Poster
in
Workshop: Navigating and Addressing Data Problems for Foundation Models (DPFM)
Exploiting Cultural Biases via Homoglyphs in Text-to-Image Synthesis
Lukas Struppek · Dominik Hintersdorf · Felix Friedrich · Manuel Brack · Patrick Schramowski · Kristian Kersting
Keywords: [ Diffusion Models ] [ fairness ] [ bias ] [ text-to-image synthesis ]
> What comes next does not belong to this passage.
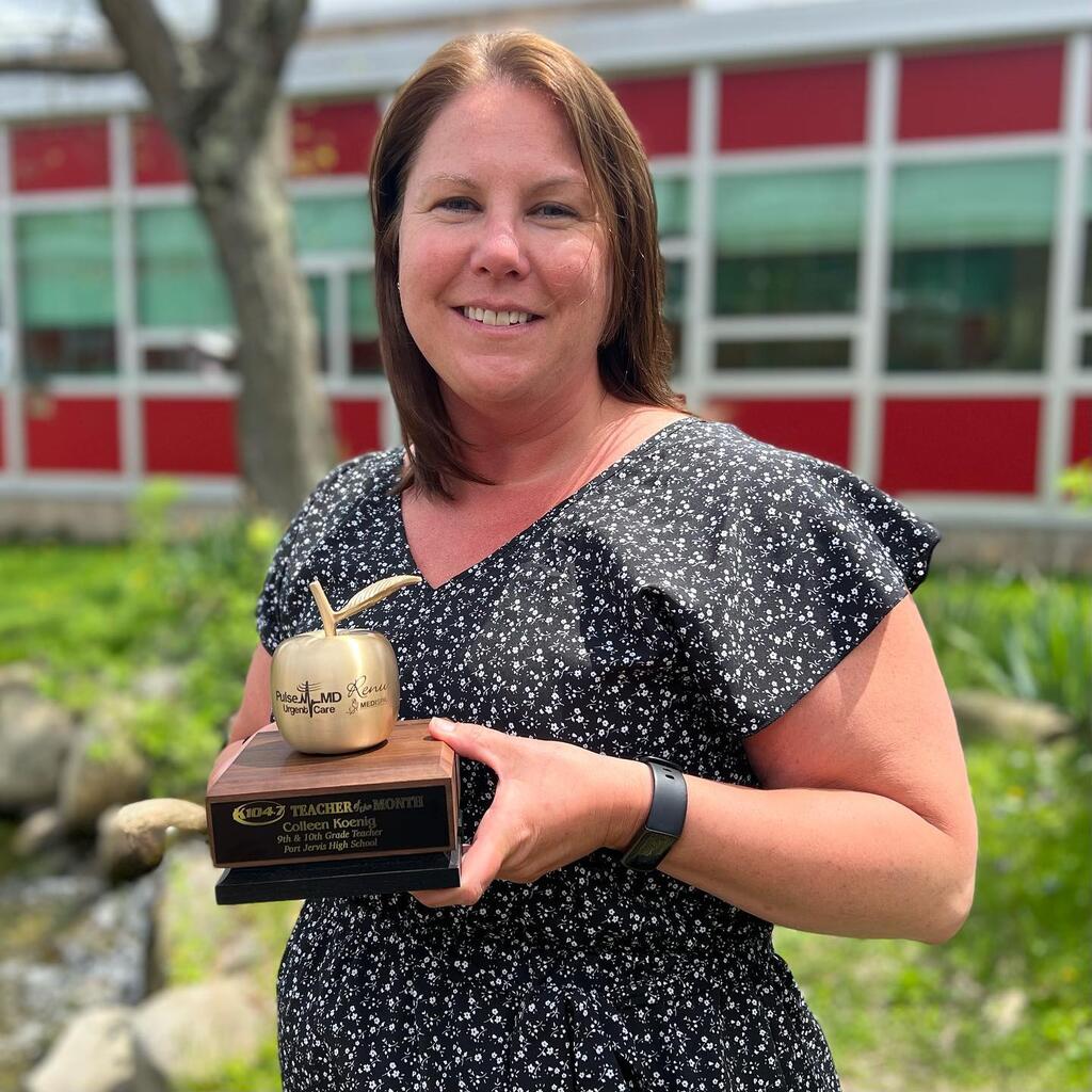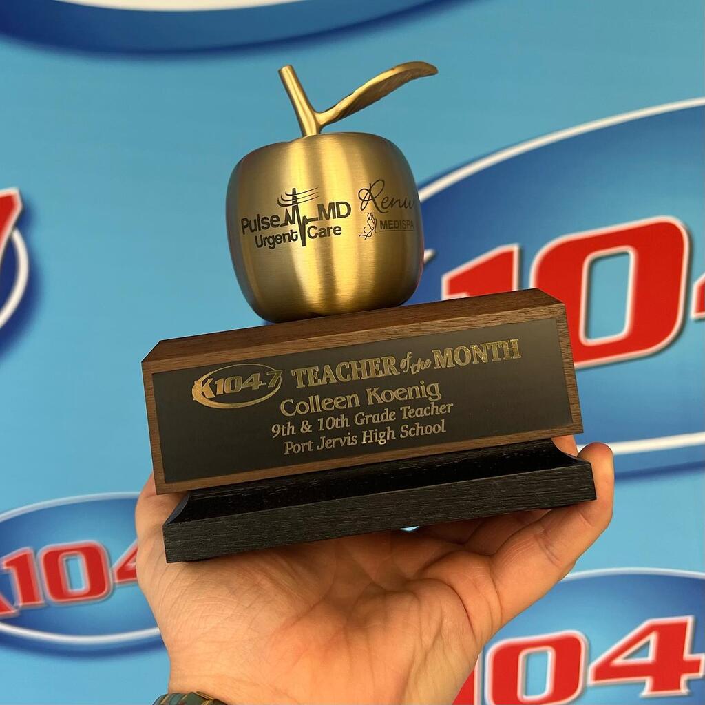 to Colleen, our Teacher of the Month! A HUGE thank you for helping to shape the next generation and shout out to Renu Medispa and Pulse-MD Urgent Care for sponsoring the award! Listen to our call with Colleen at: https://www.k104online.com/teacher-of-the-month/ and hear how she's impacting the lives of her students every day! #goldenapple #congrats #teacherofthemonthPort Jervis High School"

Models for text-to-image synthesis have recently drawn a lot of interest. They are capable of producing high-quality images that depict a variety of concepts and styles when conditioned on textual descriptions. However, these models adopt cultural characteristics associated with specific Unicode scripts from their vast amount of training data, which may not be immediately apparent. We show that by simply inserting single non-Latin characters in the textual description, common models reflect cultural biases in their generated images. We analyze this behavior both qualitatively and quantitatively, and identify a model's text encoder as the root cause of the phenomenon. Such behavior can be interpreted as a model feature, offering users a simple way to customize the image generation and reflect their own cultural background. Yet, malicious users or service providers may also try to intentionally bias the image generation. One goal might be to create racist stereotypes by replacing Latin characters with similarly-looking characters from non-Latin scripts, so-called homoglyphs.